We now save $80/month on a gardner and probabaly $40/month on water, so it will breakeven in ~4 years with a +/-20% IRR after 10 years. No brainer for us.
Artificial Turf

Submitted by ljinvestor on April 22, 2015 - 4:29pm.

So what was window manufacturer solution...no Low-E glass?

Submitted by zk on April 22, 2015 - 6:26pm.

CA renter wrote:

Also, what did you use to replace the UC Verde, zk?

We replaced it with regular old fescue. I made the lawn lower than the surrounding concrete and very level, and capped the drains. Therefore there's zero runoff. Which helps a bit. Still more water then the buffalo grass. But it's green in the winter, doesn't shed runners, and it's softer. It feels softer to me anyway.

Submitted by scaredyclassic on April 22, 2015 - 6:45pm.

anybody ever try just old used carpet on the ground for weed control?

Submitted by CA renter on April 23, 2015 - 1:09am.

zk wrote:
CA renter wrote:

Also, what did you use to replace the UC Verde, zk?

We replaced it with regular old fescue. I made the lawn lower than the surrounding concrete and very level, and capped the drains. Therefore there's zero runoff. Which helps a bit. Still more water then the buffalo grass. But it's green in the winter, doesn't shed runners, and it's softer. It feels softer to me anyway.

That's why I was wondering if anyone had any experience with the Eco-lawn product. It's composed of a variety of fescue grasses, and it's supposed to be about as drought tolerant as the UC Verde.

Is your grass fairly drought tolerant relative to the UC Verde, or might there be different types of fescue grasses that are specifically selected for drought tolerance?

Sorry to bother you with these questions. We're just trying to figure out what to do with our grass as well.

Also, did you DIY, or hire a contractor? We would prefer to go the contractor route if/when we change it out because our DIY lawn just doesn't look anywhere near as nice as the lawns that were installed professionally.

Submitted by montana on April 23, 2015 - 3:42pm.

ljinvestor wrote:
So what was window manufacturer solution...no Low-E glass?

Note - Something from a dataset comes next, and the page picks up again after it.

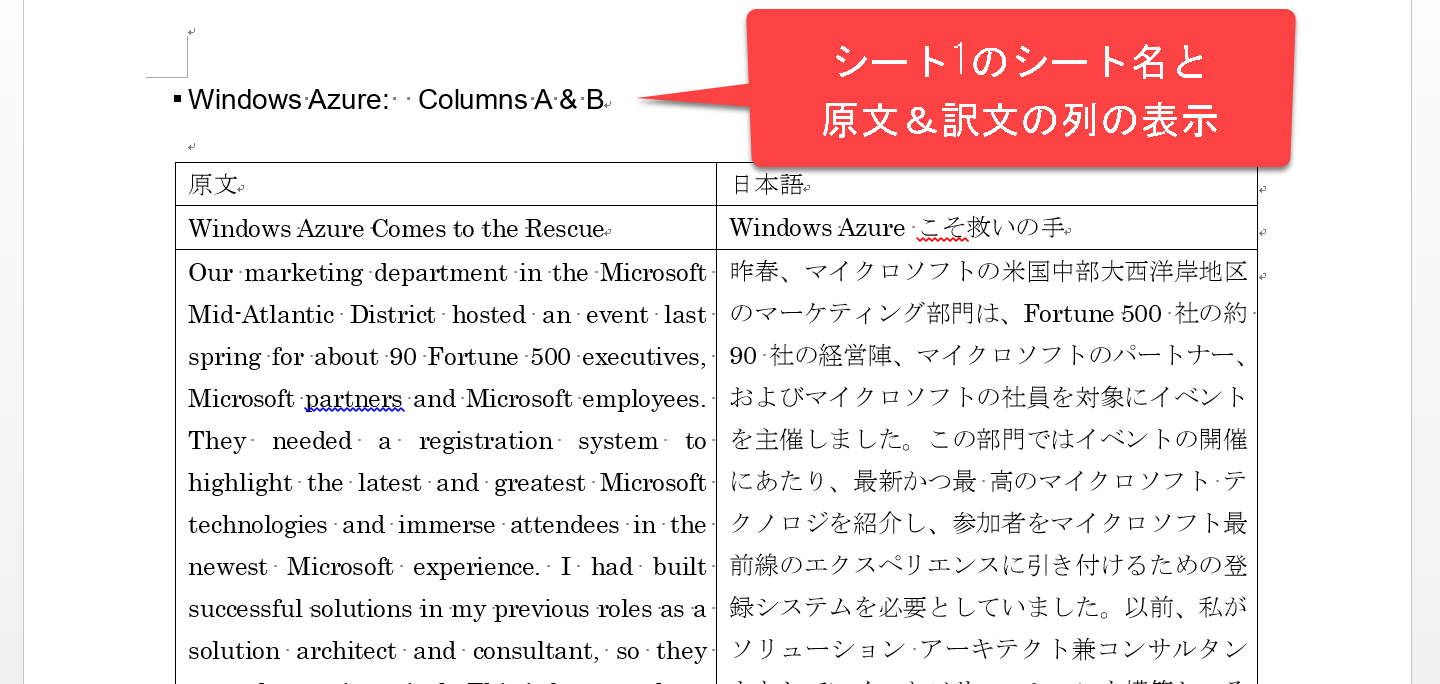 シート1には、「Windows Azure」の対訳表がありシート2には「This is a pen」の対訳表があります。

The window manufacturer replaced the windows with Low-E glass, but the new windows were 3/16" thick vs. 1/8" in the original windows, as well as putting in "capillary insertion tubes". The thicker glass reduces the "flex" of the window and significantly reduces the laser beam effect and the "capillary insertion tubes" help regulate the pressure in the double pane window to match that outside of the window. The reflection of the sun is now a perfect replica of the window vs. the laser beam that melted our turf and previously had burned a number of our plants/shrubs etc.

Submitted by LAAFTERHOURS on February 23, 2016 - 1:49pm.

Resurrecting this discussion because when many of us signed up for the rebates, there was nothing discussing the Fed taxing the rebates as income. Tax season is upon us and MWD asked for W-9 to send out income statements.

The MWD has not fully disclosed whether these are to be taxed as federal income. Considering the money spent to pay someone to remove lawns was paid for by taxed income, the rebate was used to pay a contractor to install a permeable replacement for said lawn and that individual pays income taxes, it seems like the IRS is trying to triple dip on tax revenue asking for the rebate to be considered income.

I know the federal energy conservation rebates in terms of whether they are income or not are specific to everything other than water so the argument seems to be that water conservation doesnt apply (which seems silly considering its the worlds most valuable resource).

Can any tax experts weigh in on this?